Hypothesis & framing (10 pts): Specific, testable hypothesis with a predicted direction; explicit connection to at least one course theme (Marr’s levels, aggregate vs. trial-level, divergence problem, autoregressive artifacts, etc.)
Experiment design (15 pts): Reproducible protocol; explicit treatment of at least one confound with a mitigation strategy; both open-weight and frontier model runs; appropriate number of trials.
Results & analysis (25 pts): At least one comparison to human data from the literature; model-to-model comparison.

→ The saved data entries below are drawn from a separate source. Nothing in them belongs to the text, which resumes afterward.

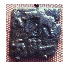
Mauryan cast copper coin dating back to late 3<sup>rd</sup> century BC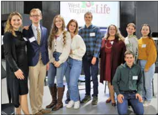
Teen Day Camp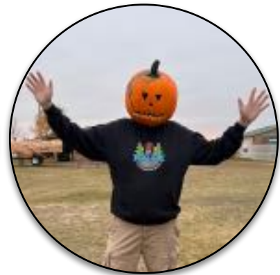
CORN MAZE PAGE 12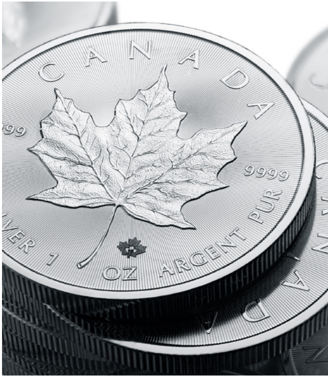
Silver Maple Leaf (SML) bullion coins

Written poster — 25 points

Conclusions & scientific narrative (15 pts): Findings synthesized into a coherent story; identifies what Marr level the experiment speaks to; honest acknowledgment of limitations; genuine follow-up questions.
Visual design & clarity (10 pts): Figures with labeled axes and captions; layout readable at a glance; one clear idea per slide.

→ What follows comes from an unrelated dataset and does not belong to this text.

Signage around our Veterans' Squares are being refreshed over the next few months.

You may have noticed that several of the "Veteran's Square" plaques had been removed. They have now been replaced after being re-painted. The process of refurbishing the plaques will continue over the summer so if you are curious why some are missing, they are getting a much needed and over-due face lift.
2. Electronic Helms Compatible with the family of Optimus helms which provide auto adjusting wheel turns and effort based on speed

Oral presentation — 25 points

Both partners are expected to be able to present the work independently.

Clarity and delivery (15 pts): Walk-through covers all 4 slides in ~3 min; narrative is clear to someone unfamiliar with the task; visuals support the explanation.
Depth and Q&A (10 pts): Responses show genuine understanding of the experiment, the confounds, and the course themes; uncertainty acknowledged where appropriate.

Peer feedback — 20 points

Due end of day Thursday April 9, submitted on Canvas/Gradescope (link shared on Ed before class). While touring, complete one entry for each group you visit — cover both sessions (April 7 and April 9), minimum 5 groups total. For each group, rate three components on a 1–5 scale and write 1–2 sentences: research quality (hypothesis, experiment design, results), written poster (scientific narrative, conclusions, visual clarity), and oral presentation (walk-through clarity, depth of answers). Also answer: one thing that surprised you, or a question you’d want them to pursue. Peer feedback is graded on quality, not just completion — generic comments will not earn full credit.

Resources

Demo notebook: github.com/TekinGunasar/CPSY-1950-Project-Demo — complete example with NLL alignment scoring and open-environment simulation.
Psych-101 dataset: marcelbinz/Psych-101 on HuggingFace — 160 experiments, 60,092 participants, trial-by-trial natural language transcripts.
API access: CCV LiteLLM endpoint + API key sent to your Brown email via Virtu.
Questions: Post on Ed Discussion — this is the primary channel for all project questions. Office hours: Wednesdays 1:00–2:00 pm, Carney Innovation Hub Room 402.